Bu DNA zincirinin iki kodunda meydana gelecek bir değişiklik veya hasar, telafi edilemeyecek hastalıklara sebep olur. Buna en çarpıcı örnek; normal gen yapısına sahip insanların kanlarında normal hemoglobin yapılırken, gen bozukluğundan kaynaklanan talasemi hastalarında ise anormal hemoglobin proteinleri sentezlenir.

Öyle ise; binlerce DNA molekülü bulunduran DNA zinciri, her bir hücrede nasıl hatasız yapılmaktadır?

DNA moleküllerinin 3-4 tanesinin birbirine bağlanmış formüllerini, bir kimyacı dahi tahtaya yazmakta zorlanır.

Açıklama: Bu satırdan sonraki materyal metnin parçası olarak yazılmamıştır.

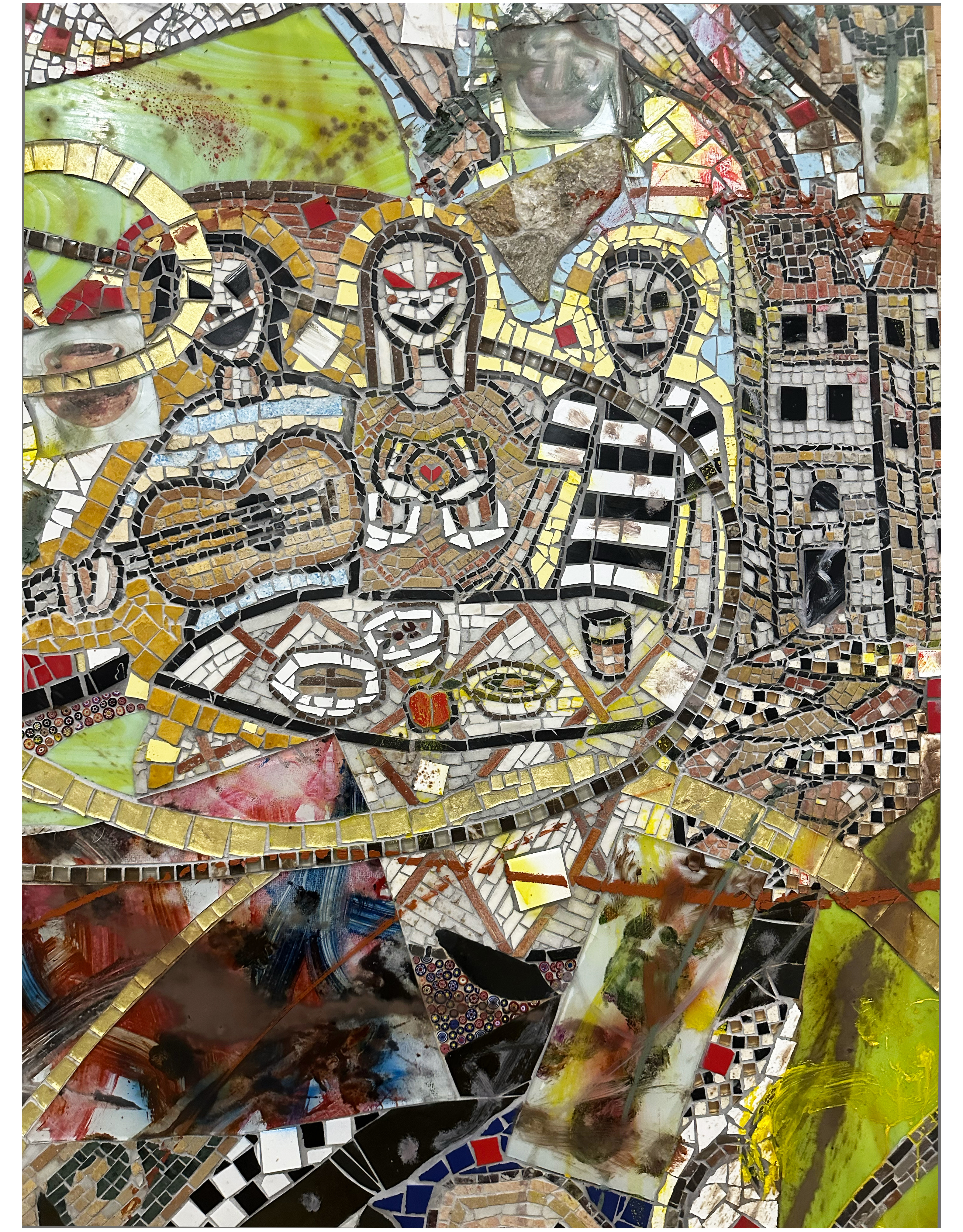 MARBLE, GLASS, CERAMIC, STONE, SPRAY ENAMEL, OIL AND ACRYLIC ON PANEL IN ARTIST FRAME
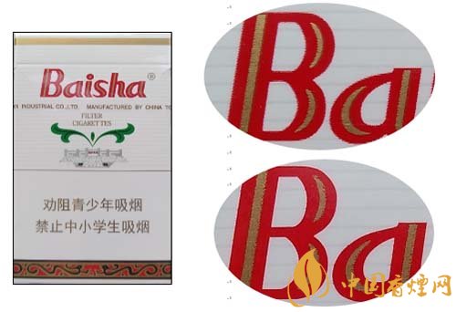 假冒卷煙:背面Baisha拼音字母膠印,紅色與白色交界位置無(wú)鋸齒痕跡。
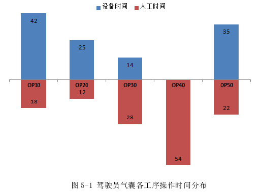 經過前兩章節的論述已經具備了對 TF 公司進行人工成本優化的理論依據。本章將通過運用上述理論依據進行實際實施,在實施過程中將工藝過程改善和工資制度改革相結合并同步進行應用,最終達到成本優化的目的。 為了使實施所能帶來的效果立竿見影從而使其能得到更深入的執行和推廣,具體的實施對象優先選取了公司產品中比較有象征性的駕駛員安全氣囊生產線。該同類產品在公司內共有 4 條生產線,每條生產線由 5 道工序組成,4條線的工藝過程基本相似。類似這種相對簡單且比較普遍、通過優化可以舉一反三的情況是建議優先考慮實施的,一旦優化取得成果,將會加倍得到體現。   在實施前,行動小組首先制定了實施計劃,選取其中一條線開始。內容如下: 1.  相關操作人員進行崗位評價(要素一); 2.  設備動作優化及操作時間測算; 3.  線平衡優化; 4.  新工藝過程按工序進行崗位評價(要素二-四); 5.  成本優化結果分析;其中,OP20 和 OP30 工位的節拍較短,每生產一個產品,兩個工序的操作人員分別會產生 23 秒和 26 秒的等待時間,效率浪費較高。我們將這兩臺設備的結構進行改造,將其合并為一個整體的工作臺,縮短運行距離。當 OP20 工位進入 25 秒的設備操作時間時,操作人員開始進行 OP30 的 28 秒接口操作。之后當 OP30 進入 14 秒的設備操作時間時,操作員再返回 OP20 進行 12 秒的接口操作。按此方式優化后,兩個工序合并后的節拍為 14(12)+28(25)=42 秒。最終的線平衡結果如圖 5-2。

Böyle binlerce DNA molekülünün birbirine bağlanmasıyla meydana gelen DNA zincirinin yapılmasını ise, “kendi kendine oluyor” diyerek tesadüfe bırakmak veya sebeplere ve doğaya bağlamak akla uygun olabilir mi?

Demek, DNA zinciri ilk yaratılışta nasıl yazılmışsa, Adem aleyhisselâmdan bu yana aynı şekilde yazılmaya devam etmektedir. Ve böylece harika olarak, insan türü insan; koyun türü de koyun olarak devam ettirilmektedir. Bu da; ilim, kudret ve irade sahibi bir Yaratıcı tarafından, her canlı için DNA’sının özel olarak yazıldığını göstermektedir.